1) Is it possible to do operations (multiplication, division, addition, subtraction) between unequal-sized data.tables using data.table
or will it have to be done with data.frame
?
The following example is a simplified version of my original posting. In my actual data set, it would be A1:A12, B1:B12, C1:C12, E1:E12, F1:F12, etc.
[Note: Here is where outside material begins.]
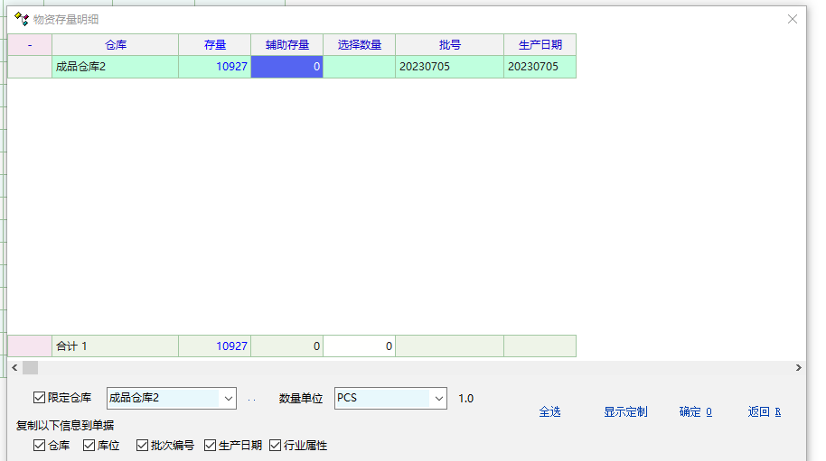 讨论_单据 选择批次界面,限制仓库 全选择时,把没显也一起选中。批量选中时能不能 忽略行_产供销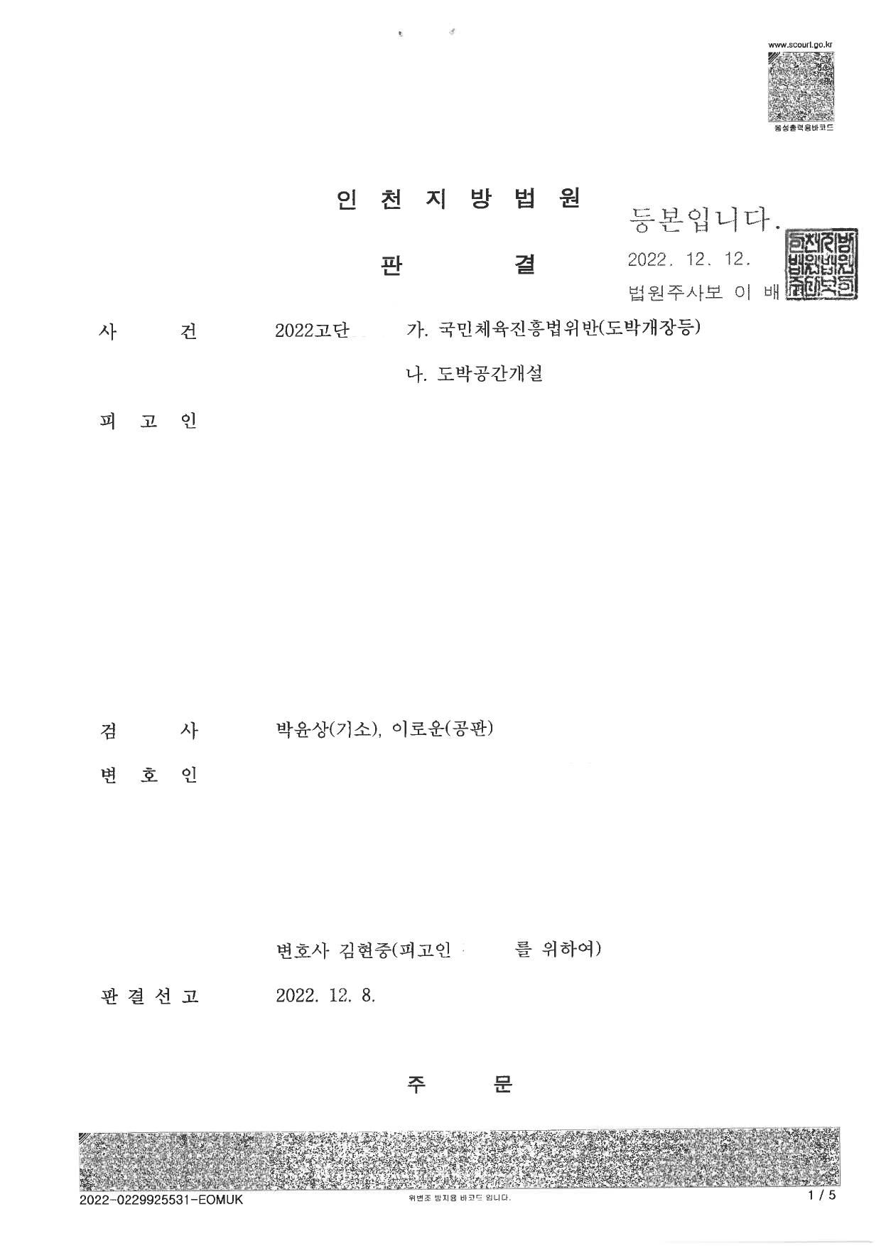 피고인은 여러사람과 공모하여 필리핀 마닐라에 있는 사무실에서 '연꽃, AnnaPurna, DR Sports&casino, BETPRIDE, 스고이, 유키노, 하스스톤, 졸로, 시노스, 루디스, 헤네시스, 엘리니아, 제왕카지노, 시타델, 이어리, 대한민국 등' 불법 인터넷 스포츠토토 도박 사이트 16개를 개설하여 운영하면서 영리를 취득 하였습니다.

I've added in columns J and K to get close to my original data set and to show that I can not do the following in a matrix.
# Sample Data
library(data.table)
input1a <- data.table(ID = c(37, 45, 900),
A1 = c(1, 2, 3),
A2 = c(43, 320, 390),
B1 = c(-0.94, 2.2, -1.223),
B2 = c(2.32, 4.54, 7.21),
C1 = c(1, 2, 3),
C2 = c(-0.94, 2.2, -1.223),
D = c(43, 320, 390),
J = paste0("measurement_1", 1:3),
K = paste0("type_1", 1:3))
setkey(input1a, ID)
input1a
# ID A1 A2 B1 B2 C1 C2 D J K
# 1: 37 1 43 -0.940 2.32 1 -0.940 43 measurement_11 type_11
# 2: 45 2 320 2.200 4.54 2 2.200 320 measurement_12 type_12
# 3: 900 3 390 -1.223 7.21 3 -1.223 390 measurement_13 type_13
input2a <- data.table(ID = c(37, 45, 900),
E1 = c(23, -0.2, 12),
E2 = c(-0.33, -0.012, -1.342))
setkey(input2a, ID)
input2a
# ID E1 E2
# 1: 37 -0.6135756 -0.330
# 2: 45 -0.0124872 -0.012
# 3: 900 -0.4165049 -1.342
outputa <- 0.00066 * input1a[, c(4:5), with = FALSE] *
input1a[, 8, with = FALSE] * input2a[, c(2:3), with = FALSE] # no keys, but would
# like to keep the keys
# outputa <- 0.00066 * B1:B2 * D * A1:A2 / referring back to the column names
setnames(outputa, 2:3, c("F1", "F2"))
Result using outputa
outputa # using existing code and gives a result with no keys
# F1 F2
# 1: -0.6135756 -0.02172773
# 2: -0.0929280 -0.01150618
# 3: -3.7776024 -2.49055607
In the following code I took outputa, which did not keep the keys, and rewrote outputa as outputause. I would like to have the following question answered so that I can perform the needed operations on the data set while keeping the keys intact.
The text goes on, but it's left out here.